One path that differed was the correlation between the errors of two of the self-efficacy variables: assertiveness for condom use and using condoms while intoxicated. This correlation was nonsignificant for drinkers (B = .052) but was significant for non-drinkers (B = .528, p < .001). Next, the loading of the assertiveness item on the self-efficacy construct was different in the two groups. The loading was strong and significant for drinkers (B = .72, p < .001) but was nonsignificant for nondrinkers (B = .20). Finally, the relationship between prior condom use and perceived normative support for condom use differed in the two groups, but only slightly. For both groups, the path was positive and significant, but it was slightly stronger for the drinking group (B = .48, p < .001) than for the nondrinkers (B = .32, p < .01). The findings for the self-efficacy factor suggest a potentially different condom use self-efficacy factor structure for drinkers versus abstainers. But the main structural relationships hypothesized in the model largely remain the same. One other difference is that the overall model accounted for slightly more of the variance in condom use intentions among nondrinkers (52% of the variance accounted for) than among drinkers (46% of the variance accounted for). Though this difference is not large, it is consistent with our hypothesis that a rational cognitive model might better account for variability in condom use intentions among nondrinkers than among drinkers.

Having established that intentions and attitudes were significant, direct, prospective predictors of condom use behavior, we next sought to test as a possible distal effect of alcohol on condom use whether the use of alcohol concurrent with sexual activity interfered with the link between cognitive correlates of condom use and condom use behavior. We used two classes of variables for this analysis. First, we examined whether quantity and frequency of alcohol use moderated either the attitude– behavior or intention–behavior relationship. Second, we examined whether alcohol use during sexual activity moderated either of these relationships. Both alcohol use variables were taken from the Time 2 assessment, and questions referred to behavior in the previous 6 months, the same time frame as the condom use question. Both alcohol quantity and frequency of use and alcohol use during sex were retained as continuous variables in these analyses. First, all continuous predictors were centered (cf.

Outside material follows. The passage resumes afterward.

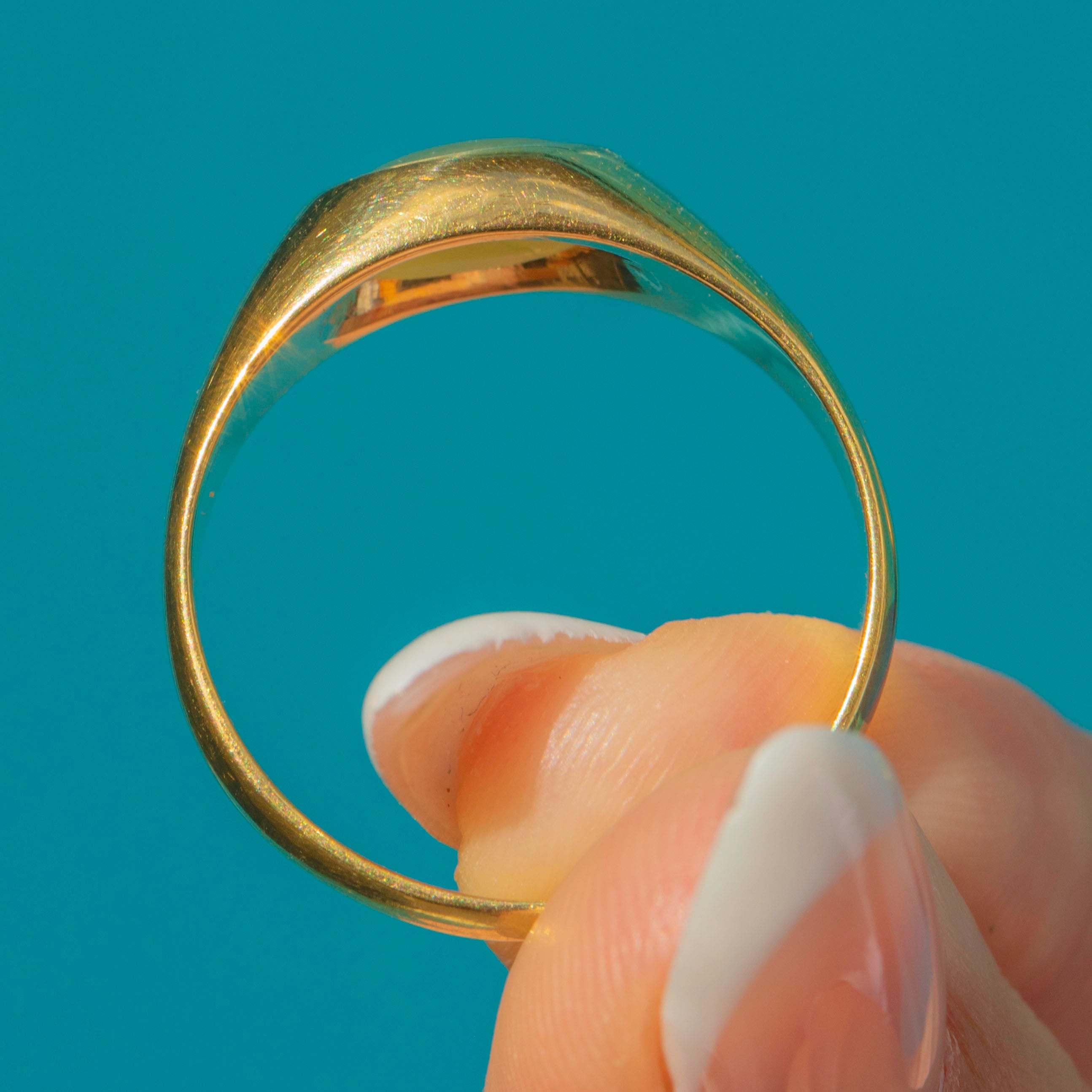 A rare Victorian cat’s eye Chrysoberyl ring, crafted in rich 18ct Gold and set with a striking 9 x 7mm cabochon. The gem shows the prized chatoyancy—a fine silvery line of light that moves across the stone as it catches the light—giving it an almost mystical glow.

Aiken & West, 1991); then, interaction terms were computed as the multiplicative term of a centered alcohol use variable and a centered cognitive correlate.

In the first model, Time 2 condom use was regressed on continuous measures of intentions, attitudes, alcohol quantity and frequency of use, the interaction of alcohol use and intentions, and the interaction of alcohol use and attitudes. The full model accounted for 15% of the variance in condom use, and as with the original model, both attitudes and intentions were significant predictors of condom use. However, alcohol quantity and frequency of use was not a significant predictor of condom use, nor did it moderate the main effects of attitudes and intentions. In fact, the addition of the alcohol-related set of predictors (alcohol use, the Alcohol Use × Intentions interaction, and the Alcohol Use × Attitudes interaction) did not cause a significant change in variance accounted for by the model, R2Δ = .002, F(3, 149) < 1, ns.

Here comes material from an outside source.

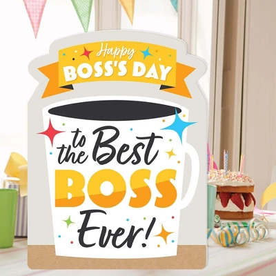Happy Boss’s Day Jumborific Card INCLUDES 1 giant greeting card made of corrugated plastic. Say a big Happy Boss’s Day to show your best boss ever with an oversized card. GIANT GREETING CARD: With a banner shaped top, front of card reads “Happy Boss’s Day, to the Best Boss Ever!”. Open card to “Thank You for all that You Do!” message that is layered for extra dimension. Left side of inside will be blank with lots of room to handwrite personal messages. THANK YOU, CARD: Wow an employer, leader, or supervisor when you gift a Jumborific Card. The thick and sturdy plastic gives this card a unique display when in standing position and to be used for a memorable keepsake. HIGH-QUALITY PARTY GIFT: Happy Boss’s Day Jumborific Card SIZE 16.5 inches wide (folded) x 22 inches tall. This giant greeting card is professionally printed on heavy-duty corrugated plastic with white edges. MADE IN THE USA: Big shaped Jumborific Card is designed and manufactured at our Wisconsin facility using materials that are Made in the USA.

In the second model, we used a more focused measure of alcohol use that specifically asked about alcohol use concurrent with sexual intercourse. In this analysis, Time 2 condom use was regressed on intentions, attitudes, use of alcohol during sex, the interaction of alcohol use and intentions, and the interaction of alcohol use and attitudes. This full model accounted for 16% of the variance in condom use, and again both attitudes and intentions were significant predictors of condom use. Use of alcohol during sex was not a significant predictor of condom use, nor did it moderate the main effects of attitudes and intentions. The addition of this set of predictors (alcohol use during sex, the Alcohol Use During Sex × Intentions interaction, and the Alcohol Use During Sex × Attitudes interaction) did not cause a significant change in variance accounted for by the model, R2Δ = .003, F(3, 141) < 1, ns.

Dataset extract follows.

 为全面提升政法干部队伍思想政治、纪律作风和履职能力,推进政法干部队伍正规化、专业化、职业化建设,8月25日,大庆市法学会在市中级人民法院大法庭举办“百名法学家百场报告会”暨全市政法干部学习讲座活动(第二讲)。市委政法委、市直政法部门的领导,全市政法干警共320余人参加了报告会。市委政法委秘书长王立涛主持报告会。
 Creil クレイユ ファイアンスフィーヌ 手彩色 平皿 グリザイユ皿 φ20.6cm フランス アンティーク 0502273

To assure that we had exhausted all possibilities for the role of alcohol use as a moderator, we created a second alcohol quantity and frequency of use index by multiplying the frequency of drinking by the average number of drinks per drinking occasion participants reported. The results of this analysis were the same as for the overall alcohol use index and the alcohol use during sex measure; there were no direct or moderating effects of alcohol use. Finally, we included our continuous measure of alcohol problems in the model instead of alcohol use and again found that attitudes and intentions remained significant predictors of condom use, whereas alcohol problems had neither a direct nor moderated relationship to condom use. These analyses indicated that there was no direct relationship between alcohol use during the prior 6 months either generally or during intercourse and condom use over that same time frame. In addition, alcohol use did not seem to interfere with the significant relationships of condom use attitudes and intentions and condom use behavior.

Because of the high prevalence of marijuana experience and use in this sample of young people, we repeated our regression analyses by substituting current marijuana use for alcohol use in the regression equations. The results were the same; there was no relationship of marijuana use to condom use, marijuana use did not moderate the relationship of intentions and attitudes to condom use, and intentions and attitudes were still significant predictors of condom use even after accounting for current marijuana use.

Discussion

The goal of this project was to examine a potential distal role for alcohol use in the prediction of risky sexual behavior. We replicated a model of condom use intentions among criminally involved adolescents and asked whether the relationships among model constructs were the same for adolescents who drink alcohol versus those who abstain. We further asked whether alcohol use concurrent with sexual activity appeared to disrupt a significant condom use intention– behavior link. Our findings highlight the difficulty of solidifying the relationship of alcohol use to risky sexual behavior. Whether these adolescents used alcohol did not change the relationships among model constructs appreciably, and this finding is consistent with the work of Conner et al. (1999) in a completely different population. Further, neither frequency nor quantity of alcohol use, alcohol problems, or marijuana use disturbed the relationship of condom use attitudes and intentions to behavior.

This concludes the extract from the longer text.